Trained in all kinds of tolerance, the real old-school New York men follow the principles of equal partnership, they love cooking themselves, at friendly parties they are the first to grab the dirty plates, they habitually share household chores with their working lady of the heart if they live under the same roof, and clearly are in no hurry to tie themselves to the bonds of matrimony. They are in no hurry at all, unlike the Russian American, who thinks that the dinner he paid for has paved the way straight to the bedroom. And he looks offended when the plan doesn't work out.

- He is insulted in New York, which is still an improved export version. In Moscow, he comes up in a bar, asks for your phone number, and if you don't give it to him, he insults you dirty," reports an update from a girl who has just returned from a vacation spent in Russia.

Successful Russian women inevitably overthrow the yoke of machismo by entering a liberal society of gender equality. As far as gender equality is concerned, true American feminists would certainly argue with me, and I would agree with them - Europe has given the States a head start on this issue. But not Russia. By comparison, the foreign minister is practically a woman's position in the United States. Would they put a "woman in labor" like Marissa Mayer at Yahoo to run a giant company here? I can't speak for the whole country, but on the domestic level in New York, women and men quite enjoy equal rights. Russian women adapt quickly, and are in demand in the local bride market. But a Russian man, on the other hand, torn from his native soil, loses his edge.
- Take our Kolyunka! I was persuaded at one of the orthodox monasteries, wanting to place in good hands a fellow countryman who had strayed into the household without any desire to become a monk. Kolyunka, a handsome-looking man in his fifties, of apparently creative profession, with intelligent manners, but no fixed abode, was seeking legalization in the United States in the simplest way possible: through marriage.

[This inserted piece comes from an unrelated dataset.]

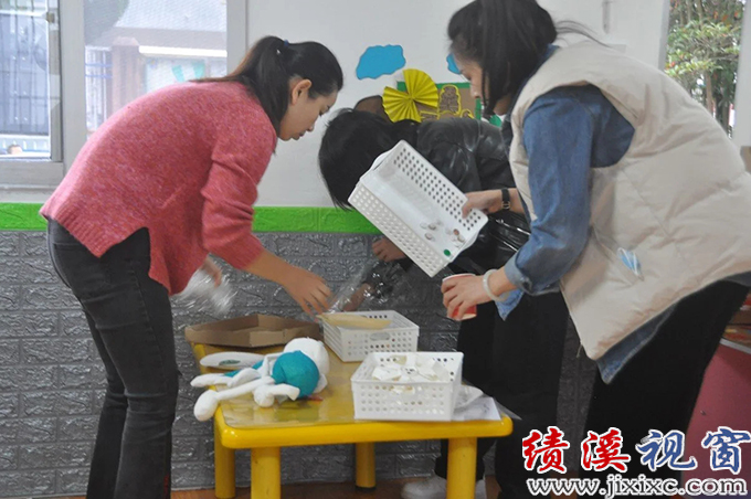 一到临溪,未歇息片刻,她们便与临溪镇幼儿园的老师一起忙碌起来:“家园驿站”、“家园直通车”中的一周计划、家长园地、温馨提示栏目,架构了家园互动的桥梁;主题墙“光盘行动”、“我是健康小卫士”,成了幼儿与生活对话的主阵地;区角丰富的材料,满足了幼儿活动和游戏的需要;走廊的吊饰更是别具一格,“十二生肖”、“二十四节气”、“中华传统节日”,将中国文化完美呈现在孩子们的眼中、植根于孩子们的心里……市二幼的老师们从区域设置、户外环境创设等方面对临溪镇中心幼儿园进行了全方位的指导和提升,该园面貌焕然一新。

The answer that I was not American and that I could not raise Kolyunka's illegal status in any way caused disappointment in the matchmakers. But not for long.

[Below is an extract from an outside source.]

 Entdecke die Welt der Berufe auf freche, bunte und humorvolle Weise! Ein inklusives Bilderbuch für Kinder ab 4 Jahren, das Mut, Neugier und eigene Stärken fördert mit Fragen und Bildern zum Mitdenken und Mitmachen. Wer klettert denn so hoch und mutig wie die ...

- So why don't you just take him?

In Russia, this handsome man, who has broken more than one heart, would probably be ripped off with his hands. But in America, he's out of business, if you want to go to a monastery.

Something, after all, was going on with the Russian man: had the demographic mishap spoiled him so badly? Maybe that's why there are gentlemen in England, because statistically there are fourteen guys for every ten girls? And in Canada, even sixteen? In Russia, according to the latest CIA data, there are 16% fewer men than women. The prognosis, however, is comforting: there are still 5% more of them born, and with increased prosperity, improved health care and abandonment of bad habits, they have a chance to live to marriageable age with negligible losses. Changes in demographic proportions can completely reshape the culture of gender relations in Russia, our "Western foes" believe.